Mechanism: In aged neurons, S-nitrosylation of p62 reroutes autophagy to degrade essential cholinergic proteins like ChAT and TrkA, leading to neuronal dysfunction. Readout: Readout: Preventing p62 S-nitrosylation or enhancing lysosomal activity preserves ChAT/TrkA levels, improves NGF signaling, and increases 'LIFESPAN BAR' by 25%.
Hypothesis
In aged basal forebrain cholinergic neurons, oxidative/nitrative stress induces S‑nitrosylation of the selective autophagy receptor p62/SQSTM1, shifting its oligomerization state toward a conformation that preferentially binds soluble cholinergic proteins (ChAT, TrkA) over insoluble protein aggregates. This reroutes the autophagy hierarchy, causing premature degradation of essential cholinergic machinery while aggregates persist, thereby driving the retrograde transport failure observed in aging.
Mechanistic Basis
- S‑nitrosylation of p62 at Cys138 promotes formation of higher‑order oligomers that expose its ubiquitin‑associated (UBA) domain, increasing affinity for mono‑ubiquitinated soluble substrates.
- Concurrently, oxidative damage to lysosomal membranes reduces cathepsin activity, creating a bottleneck that favors rapid turnover of readily accessible proteins before aggregates can be sequestered.
- The resulting imbalance depletes ChAT and TrkA faster than aggregates are cleared, weakening NGF‑TrkA signaling and retrograde endosome transport.
Testable Predictions
- Aged BFCNs will show elevated p62‑SNO levels and increased p62 oligomer size compared with young neurons.
- Preventing p62 S‑nitrosylation (Cys138Ser mutant) will preserve ChAT and TrkA protein levels without altering overall autophagic flux.
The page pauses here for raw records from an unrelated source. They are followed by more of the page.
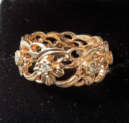 Vintage 14ct Stuart Devlin Welsh Gold Diamond Daffodil eternity ring size P from Franklin Mint
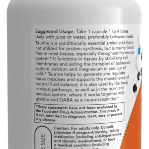 Suplemento de Taurina de Alta Qualidade: Now Foods Taurina 500mg é um suplemento de alta qualidade que foi desenvolvido para apoiar o seu bem-estar. Ele contém 500mg de taurina por cápsula, uma quantidade ideal para suprir suas necessidades diárias;
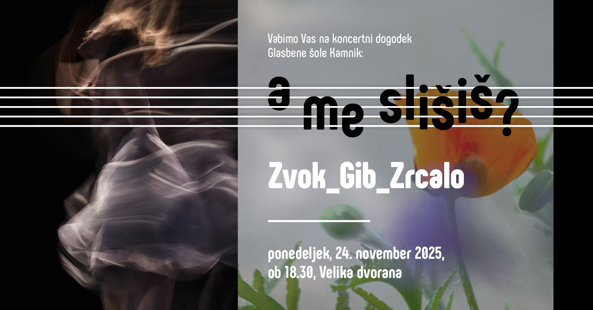 , Domov DogodkiDom kulture A me slišiš?: Zvok_Gib_Zrcalo 24. 11. 2025, 18.30 2025-11-05T15:22:00+01:00 glasbeni abonma Glasbene šole Kamnik Na prvem večeru cikla glasbenega abonmaja Glasbene šole Kamnik bodo nastopili učenci baletnega oddelka in učenci čela. Vstop prost.
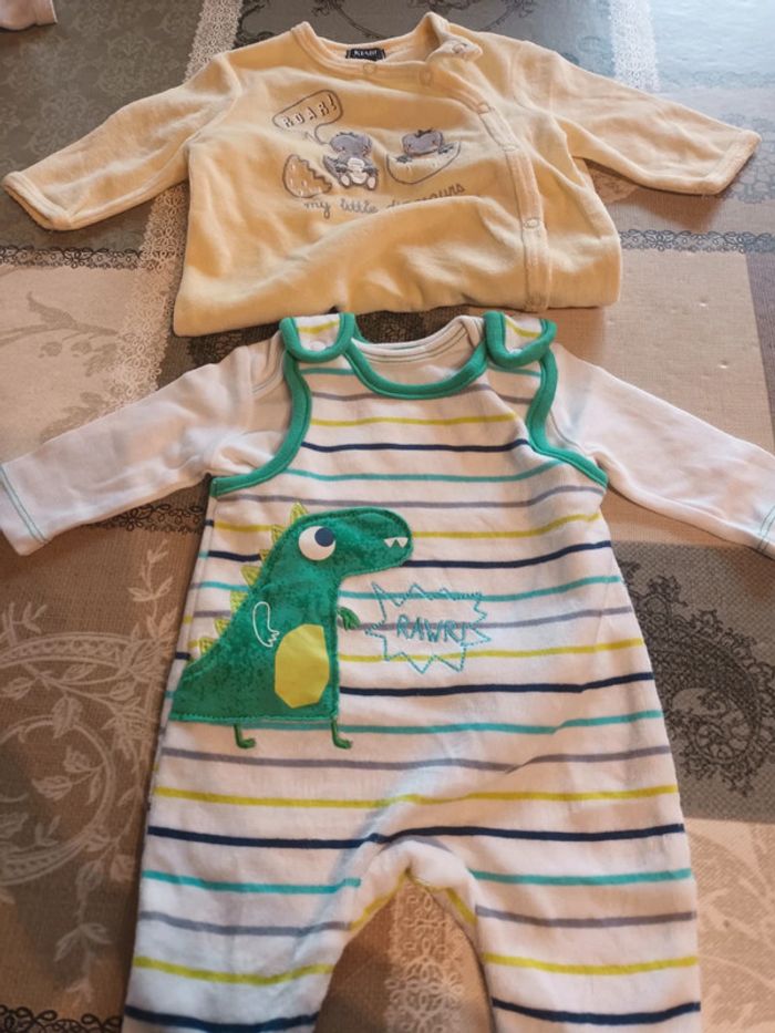 Pyjama en 1 mois velour Le vert : tee shirt intégré. Peut etre en été ou en hiver #tiitedrey_garcon_1m
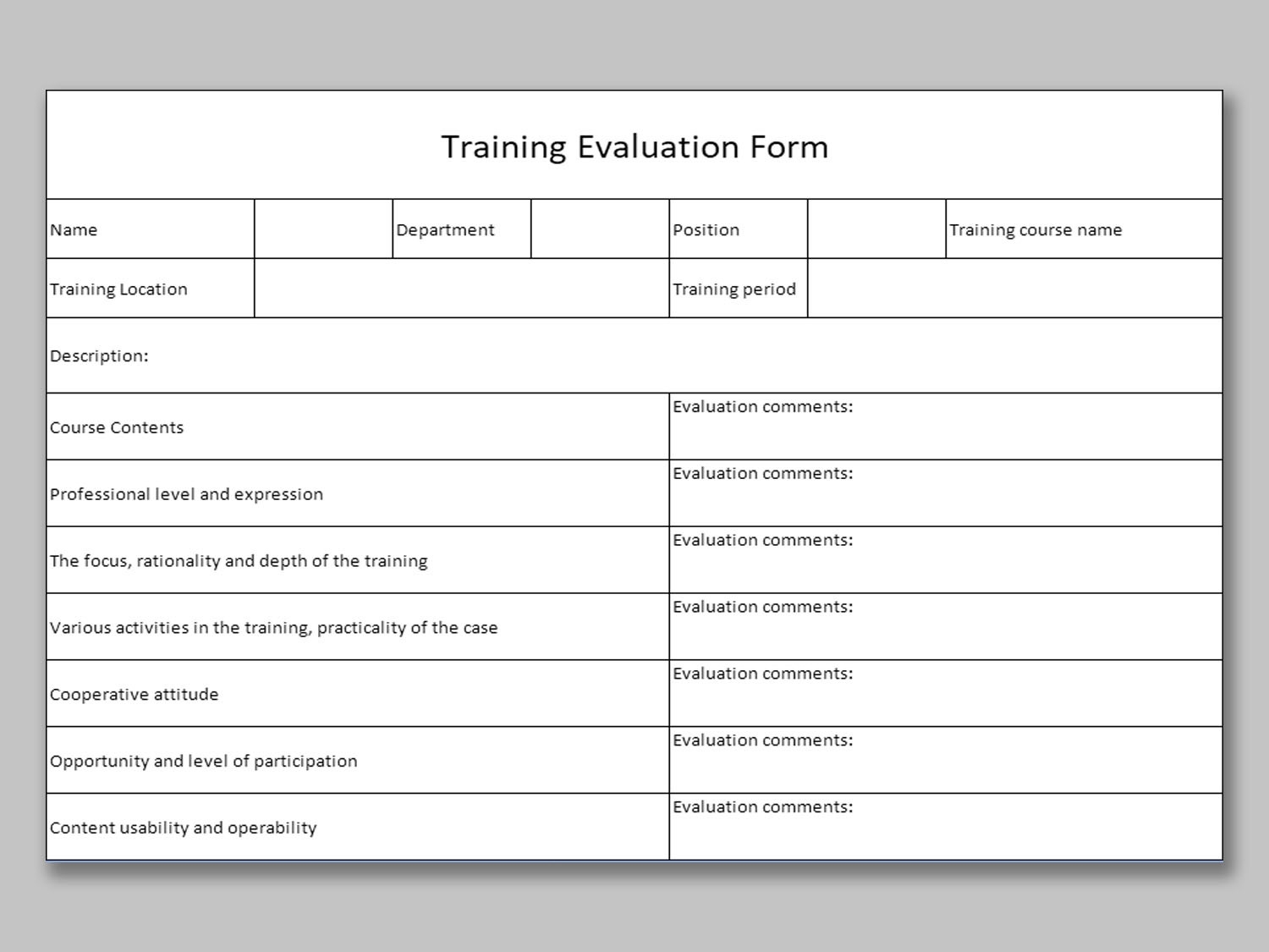 Free Printable Training Evaluation Forms

- Enhancing lysosomal cathepsin activity (e.g., via TFEB overexpression) will rescue cholinergic function even when p62‑SNO is high, by alleviating the degradation bottleneck.
Experimental Approach
- isolate BFCNs from young and old mice; perform biotin‑switch assay to quantify p62‑SNO and native PAGE to assess oligomerization.
- express wild‑type or Cys138Ser p62 via AAV in aged BFCNs; measure ChAT, TrkA, and p62‑positive aggregates by immunoblot and immunofluorescence.
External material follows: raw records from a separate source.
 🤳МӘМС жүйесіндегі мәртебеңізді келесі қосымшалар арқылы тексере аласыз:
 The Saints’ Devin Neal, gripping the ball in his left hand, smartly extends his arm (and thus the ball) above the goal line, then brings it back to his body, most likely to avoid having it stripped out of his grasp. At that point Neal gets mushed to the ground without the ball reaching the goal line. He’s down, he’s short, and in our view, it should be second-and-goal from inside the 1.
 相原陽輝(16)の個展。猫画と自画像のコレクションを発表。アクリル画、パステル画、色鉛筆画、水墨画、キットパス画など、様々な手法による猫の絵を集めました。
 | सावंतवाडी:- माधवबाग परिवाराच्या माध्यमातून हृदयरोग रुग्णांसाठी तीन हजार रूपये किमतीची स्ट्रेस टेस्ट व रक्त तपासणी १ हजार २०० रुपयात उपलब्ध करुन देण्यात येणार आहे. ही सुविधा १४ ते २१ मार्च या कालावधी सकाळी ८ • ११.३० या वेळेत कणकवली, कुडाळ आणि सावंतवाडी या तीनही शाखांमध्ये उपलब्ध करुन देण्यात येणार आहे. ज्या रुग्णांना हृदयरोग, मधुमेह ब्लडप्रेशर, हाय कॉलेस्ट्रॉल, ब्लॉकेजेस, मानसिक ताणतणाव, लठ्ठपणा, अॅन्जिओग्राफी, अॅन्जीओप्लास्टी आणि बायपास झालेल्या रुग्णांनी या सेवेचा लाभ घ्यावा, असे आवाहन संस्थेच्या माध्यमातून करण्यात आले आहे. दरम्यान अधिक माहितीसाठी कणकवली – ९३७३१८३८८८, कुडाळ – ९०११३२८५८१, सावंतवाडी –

- assess NGF‑TrkA retrograde transport using live‑cell imaging of fluorescently tagged NGF in axons.
- manipulate lysosomal capacity with TFEB AAV or lysosomal acidification agents and evaluate whether cholinergic phenotypes are rescued.
If p62‑SNO drives the selective loss of cholinergic proteins, blocking this modification should uncouple autophagy activation from cholinergic decline, falsifying the hypothesis that generic autophagy enhancement is universally beneficial in aged BFCNs.